📊 Full opportunity report: AMÁLIA · The Three Hard Questions. on ThorstenMeyerAI.com — validation score, market gap, and execution plan.
TL;DR
Portugal’s AMÁLIA, a €5.5 million European Portuguese language model, is now operational. However, experts question its openness, native data sufficiency, and optimization goals, highlighting broader issues in Europe’s sovereign LLM projects.
Portugal’s €5.5 million AMÁLIA language model is now operational, making it a significant milestone in Europe’s sovereign AI efforts. While the model outperforms previous open models on Portuguese benchmarks, experts are raising three critical questions about its openness, native-language data sufficiency, and strategic goals, which could influence future national AI projects across Europe.
AMÁLIA is a consortium project involving approximately 60 researchers from Portugal’s top academic institutions, launched by the government in December 2024. The model, based on a continuation of the EuroLLM multilingual foundation, was completed in September 2025 and is currently accessible through the FCT’s IAedu platform to 450,000 academic users. It handles text in Portuguese up to the end of 2023 and is expected to reach its final version by June 2026.
Technically, AMÁLIA was not trained from scratch but built as a continuation of an existing multilingual model, EuroLLM, with a focus on Portuguese data. It outperforms previous open models on Portuguese benchmarks and surpasses Qwen 3-8B on most tests, though it still trails Qwen on ALBA, its primary Portuguese benchmark. The training involved 107 billion tokens, with 5.8 billion from Portugal’s web archive, Arquivo.pt, representing about 5.5% of the total, and 17-18% of supervised fine-tuning data being Portuguese.
AMÁLIA
The three hard
questions.
Portugal spent €5.5M to build a European Portuguese LLM. The base version is operational, the benchmarks beat Qwen 3-8B on most pt-PT tasks. So why are the most important questions still unanswered?
Last month, Duarte O.Carmo published the sharpest public analysis of AMÁLIA — Portugal’s state-funded European Portuguese large language model. He prefaces his critique with the necessary diplomatic apparatus before doing what almost nobody else in the European-sovereign-LLM discourse has been willing to do publicly: asking hard questions about whether the work, as released, actually does what it set out to do. This piece is a structural extension of his analysis. The AMÁLIA case study exposes three hard questions every national LLM effort needs to answer publicly — and the broader European sovereign-LLM movement has been operating without explicit answers to any of them.
Three questions every national LLM effort needs to answer publicly.
Duarte O.Carmo’s framing maps cleanly onto the structural argument. Each question lands specifically in AMÁLIA — and the broader European sovereign-LLM movement has been operating without explicit answers to any of them.
The three questions form a structural feedback loop. Q3 (optimization target) determines Q2 (data volume needed) which conditions Q1 (openness sufficient for community contribution). The European sovereign-LLM movement collectively benefits from these questions becoming standard methodology disclosure, not exceptional critique.

APRENDA GitLab CI/CD: Implemente DevOps com Deploys Automatizados e Feedback Contínuo (Infraestrutura & Automação Brasil) (Portuguese Edition)
As an affiliate, we earn on qualifying purchases.
As an affiliate, we earn on qualifying purchases.
107 billion tokens. 5.8 billion clearly pt-PT.
The structurally tractable question with a structurally surprising answer.

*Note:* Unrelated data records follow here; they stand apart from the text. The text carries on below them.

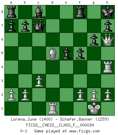 Last move : 0-1 2007 September 1 0:31:42 [Event "FICGS__CHESS__CLASS_F__000034"] [Site "FICGS"] [Date "2007.04.16"] [Round "1"] [White "Lorena,June"] [Black "Schafer,Banner"] [Result "0-1"] [WhiteElo "1400"] [BlackElo "1259"] 1.d4 c5 2.Nf3 e6 3.e4 Nc6 4.Be3 cxd4 5.Nxd4 Bb4+ 6.Nd2 Nf6 7.Bd3 Nxd4 8.Bxd4 d5 9.c3 dxe4 10.Nxe4 Nxe4 11.Bxe4 Ba5 12.O-O O-O 13.Qd3 g6 14.Qe3 f5 15.Qh6 Rf7 16.Bf3 Bb6 17.Rad1 Bxd4 18.Rxd4 Qb6 19.Rfd1 Rf8 20.Rb4 Qc7 21.Rh4 e5 22.Bd5+ Kh8 0-1 This chess game has been lost on time (started : 2007.04.16 19:53:40) Old Benoni defense Kingside Castling by player White (move 12) Kingside Castling by player Black (move 12) Player Black won this chess game. Follow this game move after move (download)When your house is on fire, you can't be bothered with the neighbors. Or, as we say in Chess, if your King is under attack you don't worry about losing a Pawn on the Queen's side. (Gary Kasparov) Fischer ist das größte Genie, das je vom Schachhimmel heruntergestiegen ist. (Mikhail Nekhemyevich Tal) Alguna parte de un error es siempre correcto. (Savielly Tartakover) Toute estimation doit être constamment réévaluée. (Jacob Estrin) Drag your thoughts away from your troubles... by the ears, by the heels, or any other way you can manage it. (Mark Twain)
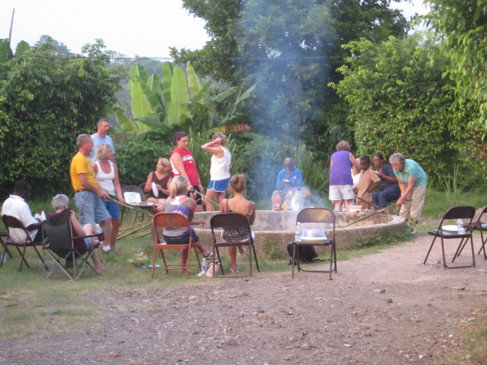 The missionaries had many “fun” days and enjoyed the company and culture of the parishioners from St. Robert Bellarmine. They were introduced to the “river” (creek in our country) to cool off after our hot working days. The Jamaican friends were introduced to a cookout and taught how to cook hot dogs on sticks and make smores. They also had the opportunity to visit some of the local shops and businesses and spent a day at the beach in Ocho Rios
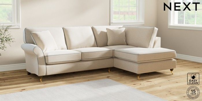 7.3.1 Buy Ashford Medium Corner Chaise - Right Hand Fine Chenille with Contrast Oyster and Mid Blue Castor - Mid from the Next UK online shop Click here to use our accessible website
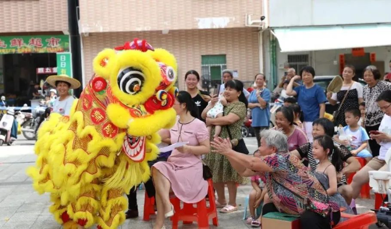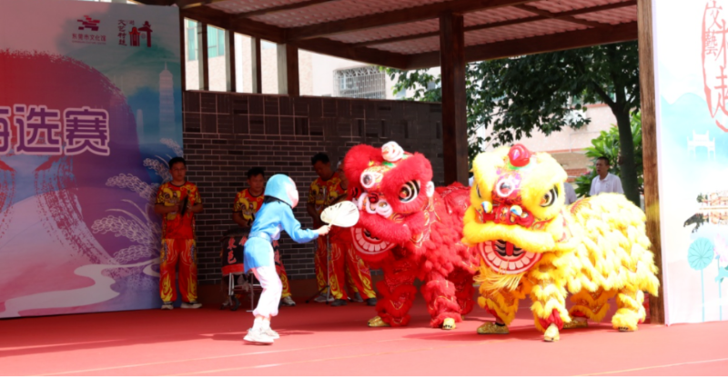 ▲传统文化舞狮《棣萼雄狮,古村游》
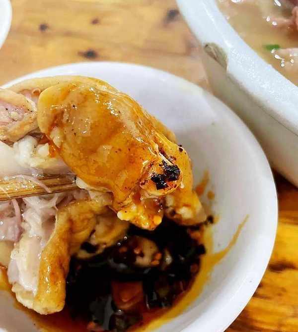 他家的蹄花炖得是溜趴,几乎可以入口即化,拌上他家的秘密油辣子,那滋味直爽歪歪,再喝上一碗浓稠的蹄花汤更是锦上添花。
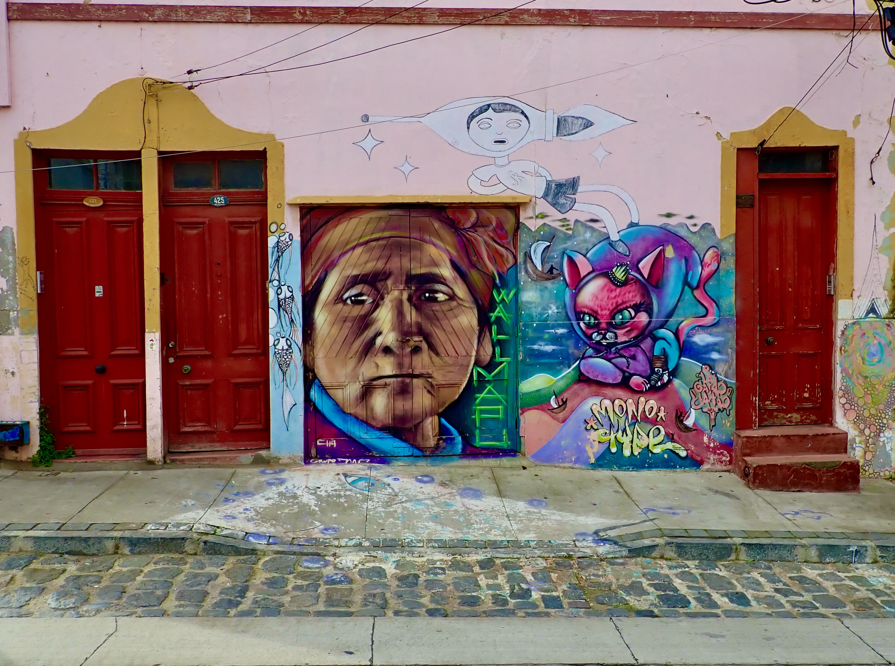 It is here when you walk out onto the street from the funicular station that the vibrancy of Valparaíso hits you – the art spills out everywhere, with colourful murals that breathe life into what once must have been dark and narrow alleys and streets. The murals transform the city into an open-air art exhibit. But the street art also goes beyond its aesthetics – it embodies the city’s political and social issues. These murals serve as a platform for public discourse, giving voice to diverse political perspectives, social commentaries, and cultural narratives. Stemming from a history of activism and social movements in the city, these artworks depict historical events, figures of significance, and pressing societal issues, asking the resident and the visitor to engage with what they convey, from human rights issues to environmental concerns.
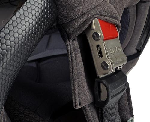 HJC R-PHA-90S został wyposażony w zapięcie micro-buckle wykonane w 100% ze stali nierdzewnej, które zapewnia możliwość błyskawicznego zapięcia i odpięcia kasku.
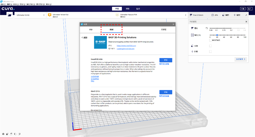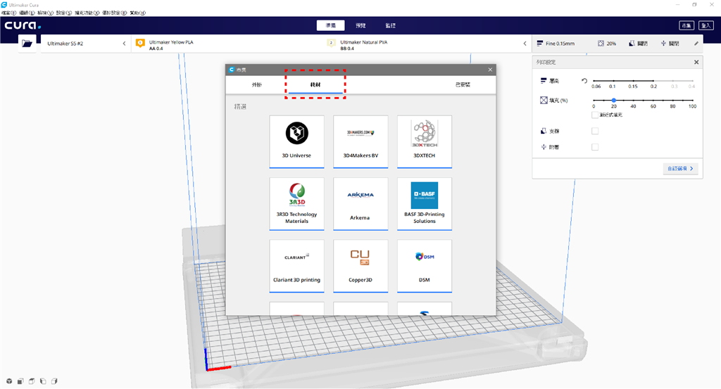 (在「市集」的「耗材」選單中可以看到各式新增的材料聯(lián)盟廠商及其提供的線材資料,並可以免費(fèi)在此下載Ultimaker專用的官方列印參數(shù))
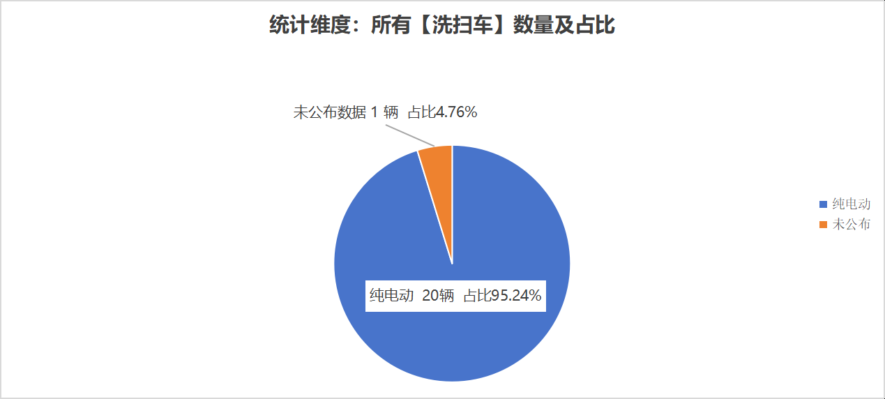 本次公告中的21款洗掃車(chē)中,純電動(dòng)洗掃車(chē)(20輛,占比95.24%)、未公布能源情況(1輛,占比4.76%)。
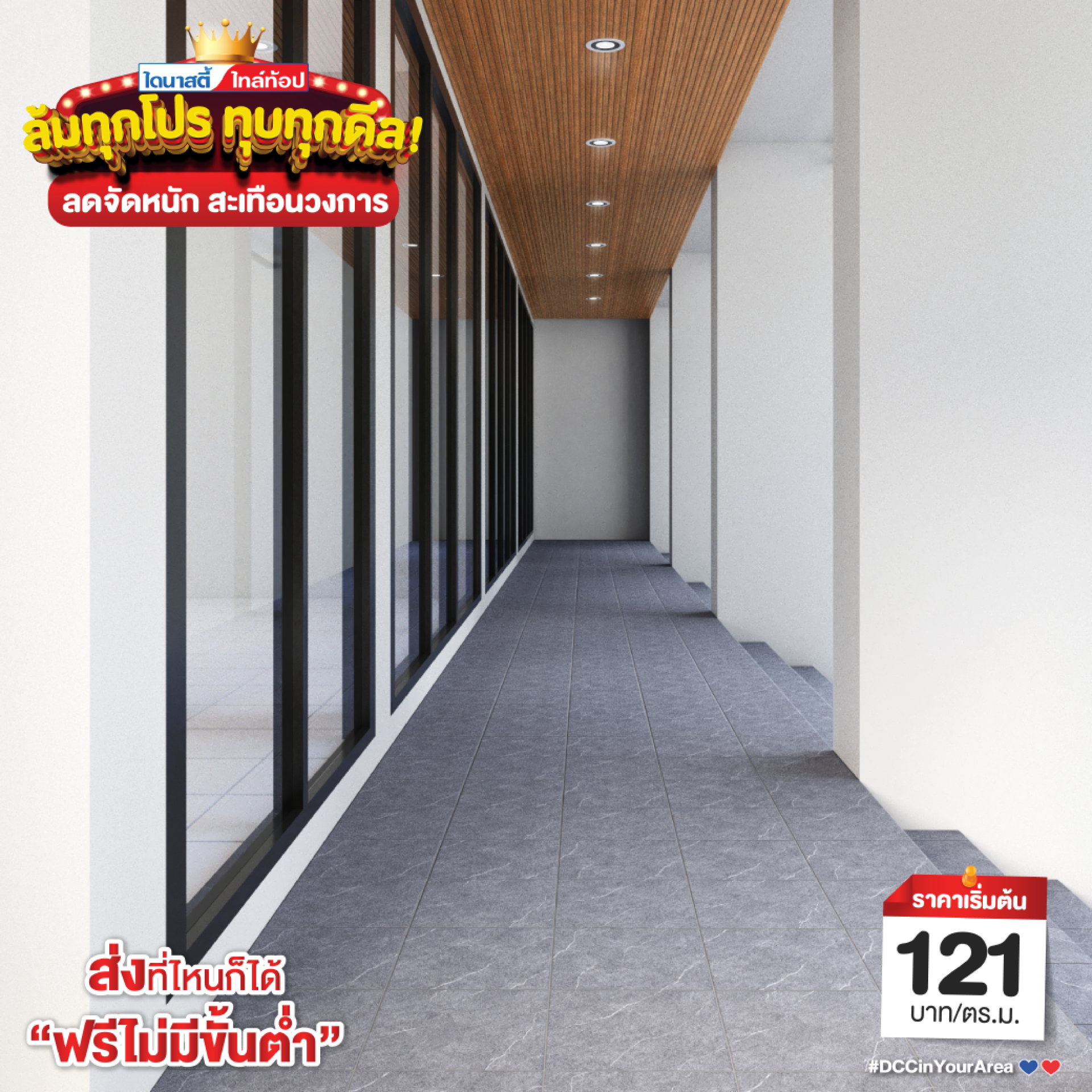 ซ่อมแซม/ปรับปรุงโถงทางเดิน ให้สวยเหมือนใหม่ ด้วยกระเบื้องขนาด 30X30 ซม. พิเศษทุกสุดสัปดาห์ ตลอดเดือนมี.ค. 68 นี้ รีบช้อปเลย ที่ไดนาสตี้ ไทล์ท้อปทุกสาขา ใกล้บ้านคุณ

For a model whose entire stated purpose is European Portuguese prioritization, the native-language share of extended pre-training is 5.5%. The implications cascade into every other question.

Portuguese Flash Cards – Learn Portuguese Language Vocabulary Words and Phrases – Basic Language for Beginners – Gift for Travelers, Kids, and Adults by Travelflips
PORTUGUESE FLASH CARDS – Basic Portuguese words and phrases for beginners and travelers
As an affiliate, we earn on qualifying purchases.
As an affiliate, we earn on qualifying purchases.
The Olmo standard. AMÁLIA’s current state.
Allen Institute for AI’s Olmo project defines what “fully open” operationally requires. Olmo doesn’t lead frontier benchmarks. That’s not the point. The point is to be the structural reference for openness. AMÁLIA’s “fully open source” claim should track to the operational standard.

The AI Infused Classroom
As an affiliate, we earn on qualifying purchases.
As an affiliate, we earn on qualifying purchases.
Four strategic positions. AMÁLIA between two and three.
Approximately €100M+ in publicly disclosed European sovereign-LLM funding across the major initiatives. The structural question every project faces: what is the actual competitive position you’re staking? Four options — none mutually exclusive — but each requiring different commitments.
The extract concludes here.